Ich rechne weiterhin damit, dass die Verhandlungen erfolgreich beendet werden. Wenn auch die Corona-Krise den politischen Schaden eines Scheiterns verringert, da die wirtschaftlichen Konsequenzen nicht so stark auffallen würden. Es ist aber schon überraschend, dass Boris Johnson und seine Kabinettskollegen mit dem Binnenmarktgesetz eine politische Diskreditierung in Kauf nehmen. Mit dem Gesetz geht ein offensichtlicher Vertragsbruch einher, der die britische Regierung für zukünftigen internationalen Verhandlungen als unglaubwürdigen und nicht verlässlichen Verhandlungspartner entlarven würde.
Potenziell noch problematischer als diese Frist ist ein neuer Gesetzesentwurf, der gestern im Parlament vorgestellt wurde. Das Binnenmarktgesetz (Internal Market Bill) legt die Pläne der Regierung für einen reibungslosen Handel innerhalb Großbritanniens nach dem Brexit bzw. nach dem Ablauf der Übergangsfrist Ende dieses Jahres dar. Entscheidend ist, dass der Gesetzentwurf Bestimmungen enthält, die direkt gegen die Grundlagen des „irischen Protokolls“ verstoßen.
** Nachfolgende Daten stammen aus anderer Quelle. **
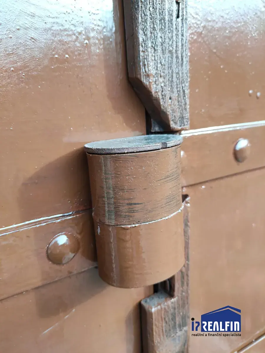 Garáž má dřevěná oplechovaná vrata zabezpečená mimo jiné i visacím zámkem v železném krytu. V garáži je zavedena elektrika.
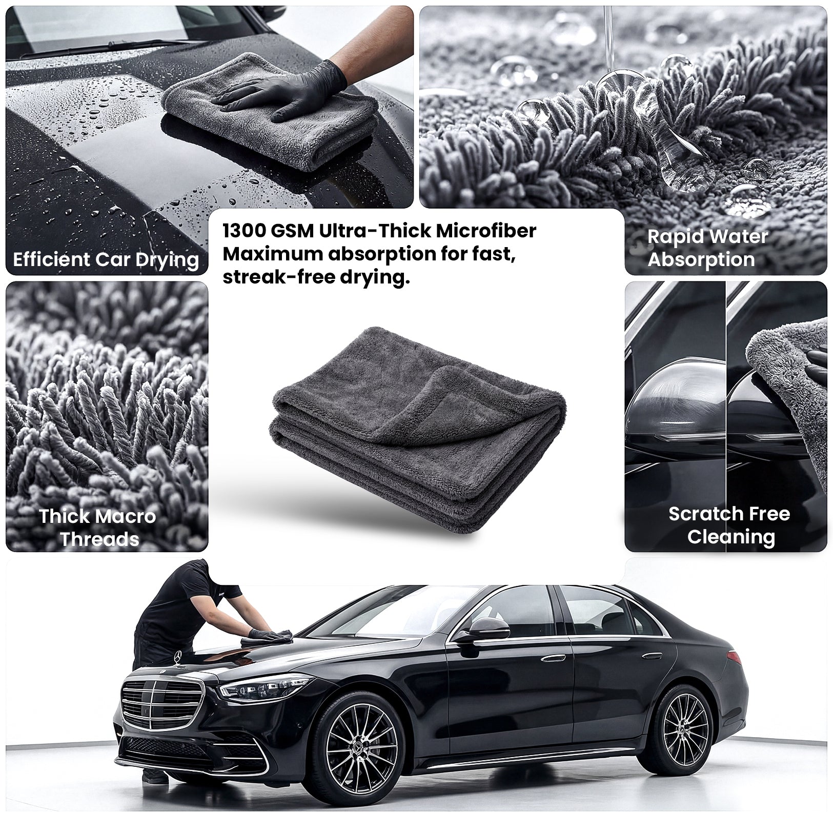Klyro 1300 GSM Microfiber Car Drying Towel – Ultra Absorbent 40×60 cm
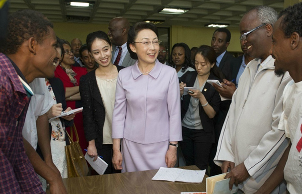 ????新華網(wǎng)北京5月6日電 據(jù)新華社“新國際”微博報道,李克強(qiáng)總理夫人程虹5日在埃塞俄比亞總理夫人羅曼·塔斯法耶的陪同下參觀了亞的斯亞貝巴大學(xué),觀摩漢語授課,與學(xué)生們交流,觀看學(xué)生們的中國文化才藝展示,還捐贈了書籍、計算機(jī)等物品。程虹說,你們是文化的紐帶,感謝你們對中國人民的情誼。你們對中國文化的熱愛感動了我,也會感動中國人民。

Letzteres war Teil des zu Beginn des Jahres von der EU und Großbritannien unterzeichneten Austrittsabkommens und regelt die Zollbestimmungen auf der irischen Insel. Das irische Protokoll sieht vor, dass es keine Zollgrenze zwischen Nordirland und der Republik Irland geben wird, selbst wenn die laufenden Verhandlungen über ein Handelsabkommen nicht zum Erfolg führen sollten. Stattdessen würden Waren, die aus dem Rest Großbritanniens oder anderer nicht-EU-Länder kommen, direkt bei der Einfuhr nach Nordirland verzollt. Damit sollte sichergestellt werden, dass Waren, die nach Nordirland gelangen, den Regeln und Vorschriften der EU entsprechen. Darüber hinaus sieht das irische Protokoll vor, dass das Vereinigte Königreich Brüssel über alle Entscheidungen über staatliche Beihilfen informieren muss, die Nordirland betreffen. Der Gesetzentwurf für den Binnenmarkt droht nun, diese beiden Bestimmungen direkt zu untergraben. Selbst Mitglieder des Kabinetts von Boris Johnson gestehen ein, dass mit einer Unterzeichnung des Binnenmarktgesetztes möglicherweise internationales Recht gebrochen würde. Dies, so ein Minister, sei jedoch vertretbar, da es die Aufgabe der Regierung sei, das Wohl des eigenen Volkes in den Vordergrund zu stellen.
Die Brexit-Verhandlungen waren von Anfang an ein Pokerspiel mit hohen Einsätzen. Jedoch stellt sich nun die Frage, ob die allgemeine Grundannahme, dass die britische Regierung letztlich eine Einigung mit der EU anstrebt und nur mit harten Bandagen vorgeht, um das bestmögliche Ergebnis zu erzielen, weiterhin gilt.
Ich rechne weiterhin damit, dass die Verhandlungen erfolgreich beendet werden. Wenn auch die Corona-Krise den politischen Schaden eines Scheiterns verringert, da die wirtschaftlichen Konsequenzen nicht so stark auffallen würden. Es ist aber schon überraschend, dass Boris Johnson und seine Kabinettskollegen mit dem Binnenmarktgesetz eine politische Diskreditierung in Kauf nehmen. Mit dem Gesetz geht ein offensichtlicher Vertragsbruch einher, der die britische Regierung für zukünftigen internationalen Verhandlungen als unglaubwürdigen und nicht verlässlichen Verhandlungspartner entlarven würde.